- _What you should do_:
What you give back must match the data exactly, minus the pictures.

- _Data_:

»»

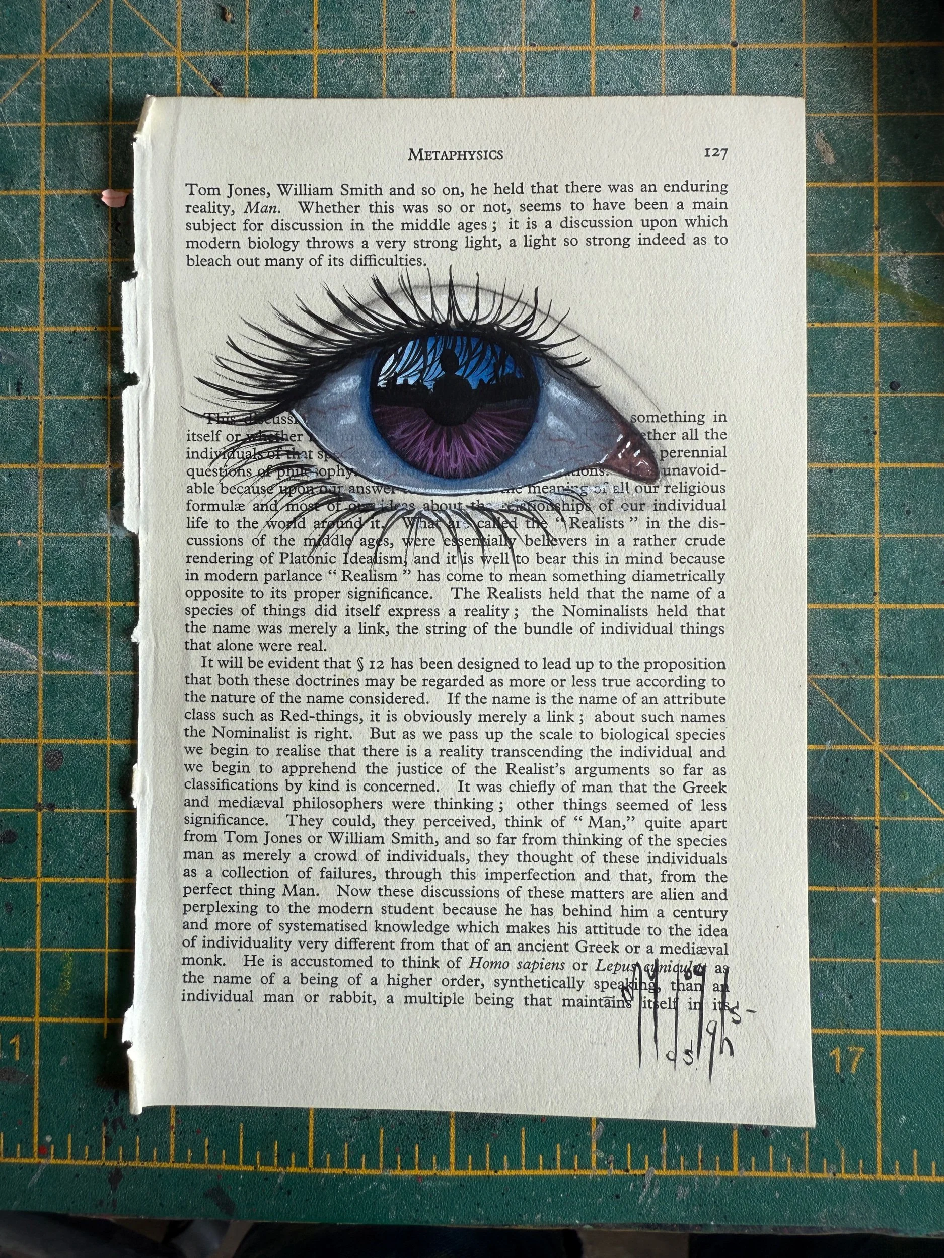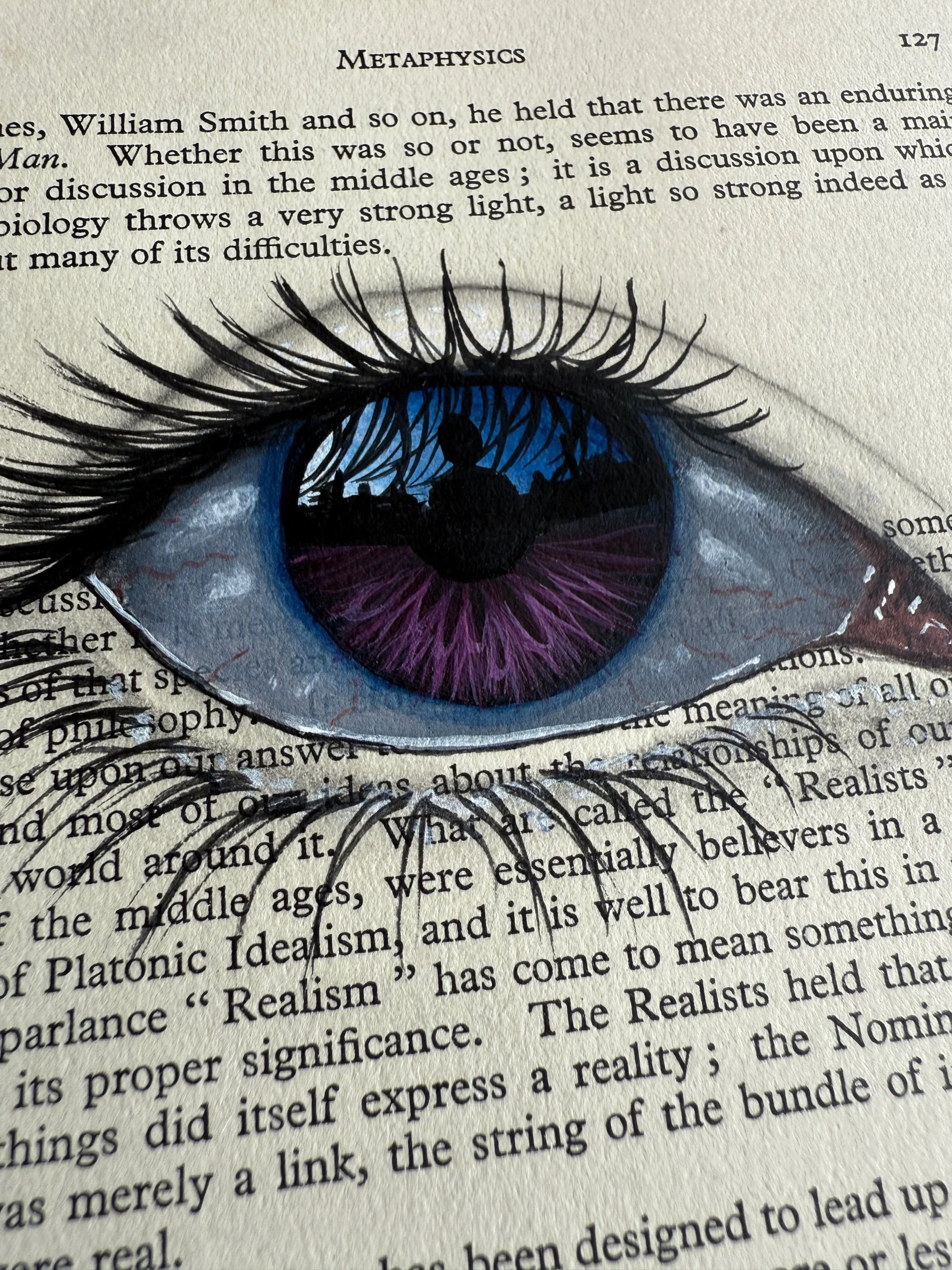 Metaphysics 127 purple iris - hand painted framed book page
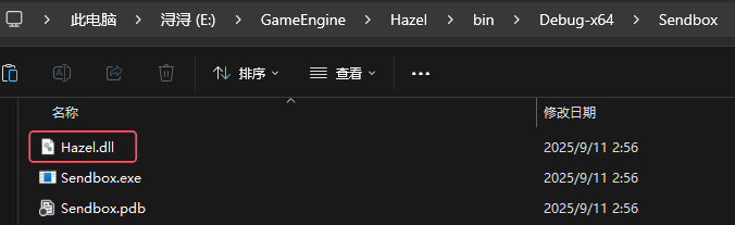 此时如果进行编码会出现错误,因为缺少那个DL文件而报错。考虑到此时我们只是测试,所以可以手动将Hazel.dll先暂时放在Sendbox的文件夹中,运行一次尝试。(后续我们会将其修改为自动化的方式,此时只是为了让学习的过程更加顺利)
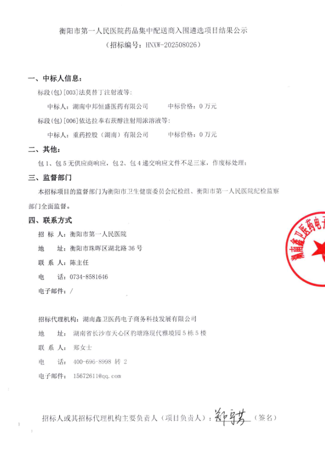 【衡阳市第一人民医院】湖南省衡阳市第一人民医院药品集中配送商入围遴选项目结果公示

««

- _Result_:
 Metaphysics 127 purple iris - hand painted framed book page
 此时如果进行编码会出现错误,因为缺少那个DL文件而报错。考虑到此时我们只是测试,所以可以手动将Hazel.dll先暂时放在Sendbox的文件夹中,运行一次尝试。(后续我们会将其修改为自动化的方式,此时只是为了让学习的过程更加顺利)
 【衡阳市第一人民医院】湖南省衡阳市第一人民医院药品集中配送商入围遴选项目结果公示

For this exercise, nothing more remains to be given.